When you copy the records, keep every word exact and leave the pictures out.

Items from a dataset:
* * *

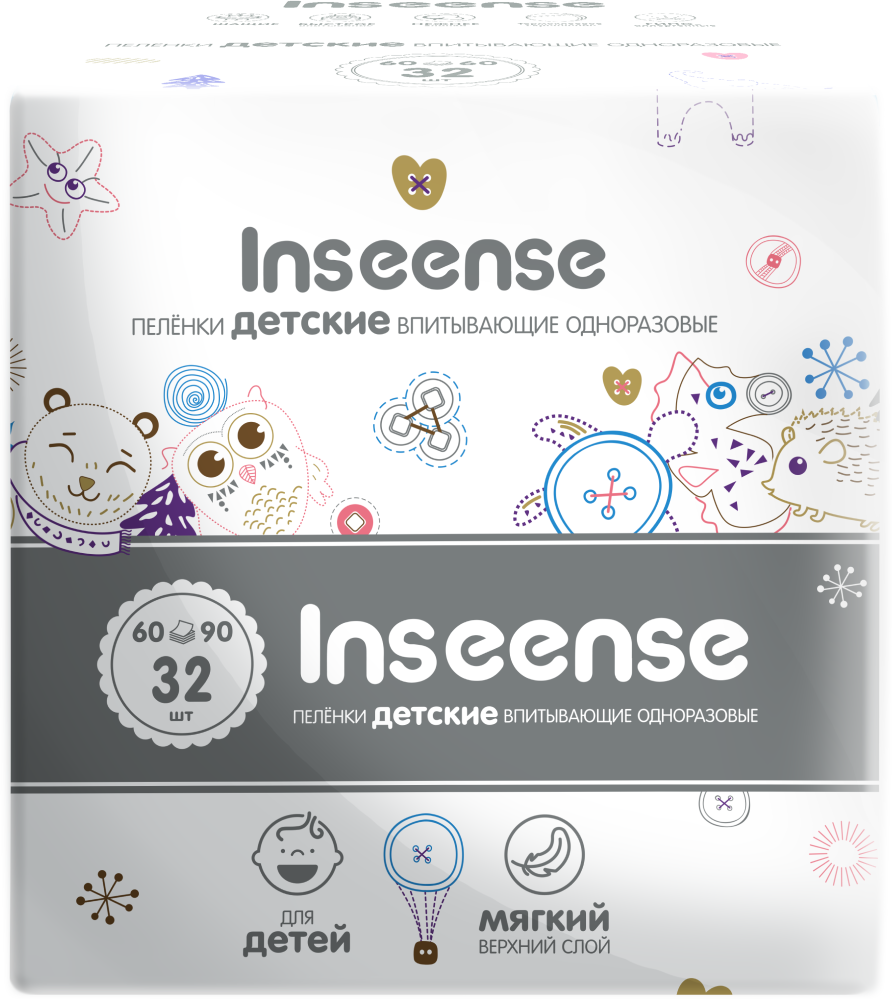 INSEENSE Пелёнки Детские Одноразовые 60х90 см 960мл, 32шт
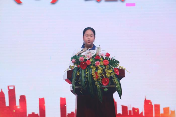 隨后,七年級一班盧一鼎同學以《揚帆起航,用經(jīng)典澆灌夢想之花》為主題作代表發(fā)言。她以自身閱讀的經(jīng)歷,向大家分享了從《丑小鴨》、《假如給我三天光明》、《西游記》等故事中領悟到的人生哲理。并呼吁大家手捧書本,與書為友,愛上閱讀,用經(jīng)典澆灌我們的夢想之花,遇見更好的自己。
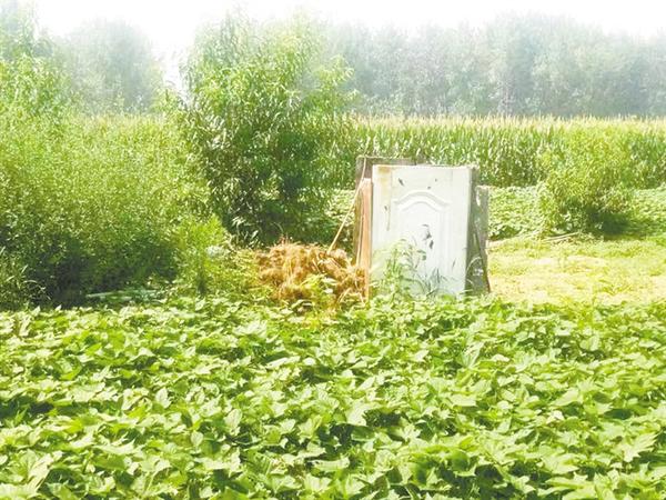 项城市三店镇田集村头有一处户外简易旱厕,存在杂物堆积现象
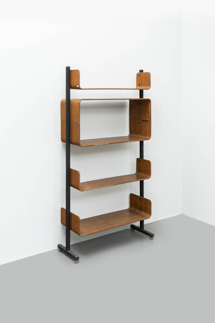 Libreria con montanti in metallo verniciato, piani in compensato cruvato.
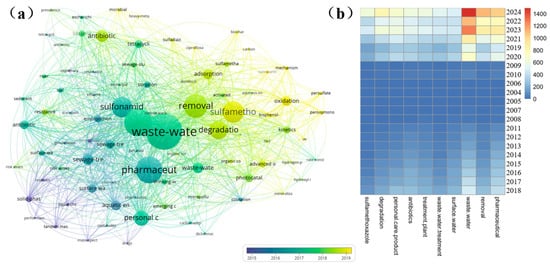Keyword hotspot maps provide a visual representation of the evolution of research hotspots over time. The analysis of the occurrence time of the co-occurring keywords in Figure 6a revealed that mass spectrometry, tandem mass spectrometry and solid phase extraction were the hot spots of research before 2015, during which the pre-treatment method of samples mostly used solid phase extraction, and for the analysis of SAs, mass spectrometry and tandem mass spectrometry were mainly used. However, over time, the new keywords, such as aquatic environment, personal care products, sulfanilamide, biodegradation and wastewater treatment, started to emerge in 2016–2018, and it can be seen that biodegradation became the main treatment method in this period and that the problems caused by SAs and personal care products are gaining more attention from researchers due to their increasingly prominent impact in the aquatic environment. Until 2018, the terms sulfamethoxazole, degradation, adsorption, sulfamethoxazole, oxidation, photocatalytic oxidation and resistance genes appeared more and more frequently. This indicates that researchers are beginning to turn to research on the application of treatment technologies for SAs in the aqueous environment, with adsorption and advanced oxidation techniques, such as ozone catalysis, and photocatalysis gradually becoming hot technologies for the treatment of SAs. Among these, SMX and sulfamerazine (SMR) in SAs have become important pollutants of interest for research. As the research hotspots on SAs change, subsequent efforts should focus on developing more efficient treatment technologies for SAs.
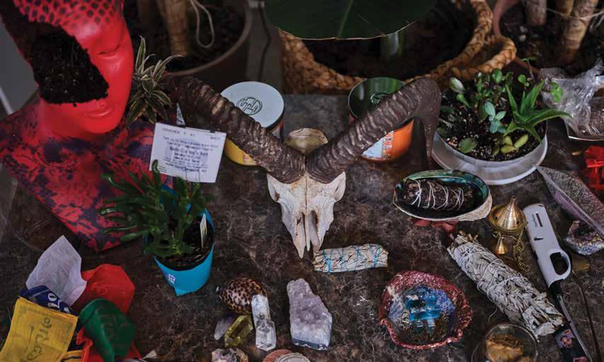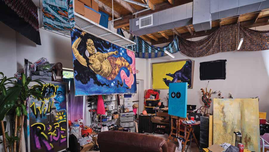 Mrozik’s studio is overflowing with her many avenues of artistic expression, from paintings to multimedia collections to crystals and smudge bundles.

* * *

◆ RESPONSE AREA ◆
 INSEENSE Пелёнки Детские Одноразовые 60х90 см 960мл, 32шт
 隨后,七年級一班盧一鼎同學以《揚帆起航,用經(jīng)典澆灌夢想之花》為主題作代表發(fā)言。她以自身閱讀的經(jīng)歷,向大家分享了從《丑小鴨》、《假如給我三天光明》、《西游記》等故事中領悟到的人生哲理。并呼吁大家手捧書本,與書為友,愛上閱讀,用經(jīng)典澆灌我們的夢想之花,遇見更好的自己。
 项城市三店镇田集村头有一处户外简易旱厕,存在杂物堆积现象
 Libreria con montanti in metallo verniciato, piani in compensato cruvato.
Keyword hotspot maps provide a visual representation of the evolution of research hotspots over time. The analysis of the occurrence time of the co-occurring keywords in Figure 6a revealed that mass spectrometry, tandem mass spectrometry and solid phase extraction were the hot spots of research before 2015, during which the pre-treatment method of samples mostly used solid phase extraction, and for the analysis of SAs, mass spectrometry and tandem mass spectrometry were mainly used. However, over time, the new keywords, such as aquatic environment, personal care products, sulfanilamide, biodegradation and wastewater treatment, started to emerge in 2016–2018, and it can be seen that biodegradation became the main treatment method in this period and that the problems caused by SAs and personal care products are gaining more attention from researchers due to their increasingly prominent impact in the aquatic environment. Until 2018, the terms sulfamethoxazole, degradation, adsorption, sulfamethoxazole, oxidation, photocatalytic oxidation and resistance genes appeared more and more frequently. This indicates that researchers are beginning to turn to research on the application of treatment technologies for SAs in the aqueous environment, with adsorption and advanced oxidation techniques, such as ozone catalysis, and photocatalysis gradually becoming hot technologies for the treatment of SAs. Among these, SMX and sulfamerazine (SMR) in SAs have become important pollutants of interest for research. As the research hotspots on SAs change, subsequent efforts should focus on developing more efficient treatment technologies for SAs.
 Mrozik’s studio is overflowing with her many avenues of artistic expression, from paintings to multimedia collections to crystals and smudge bundles.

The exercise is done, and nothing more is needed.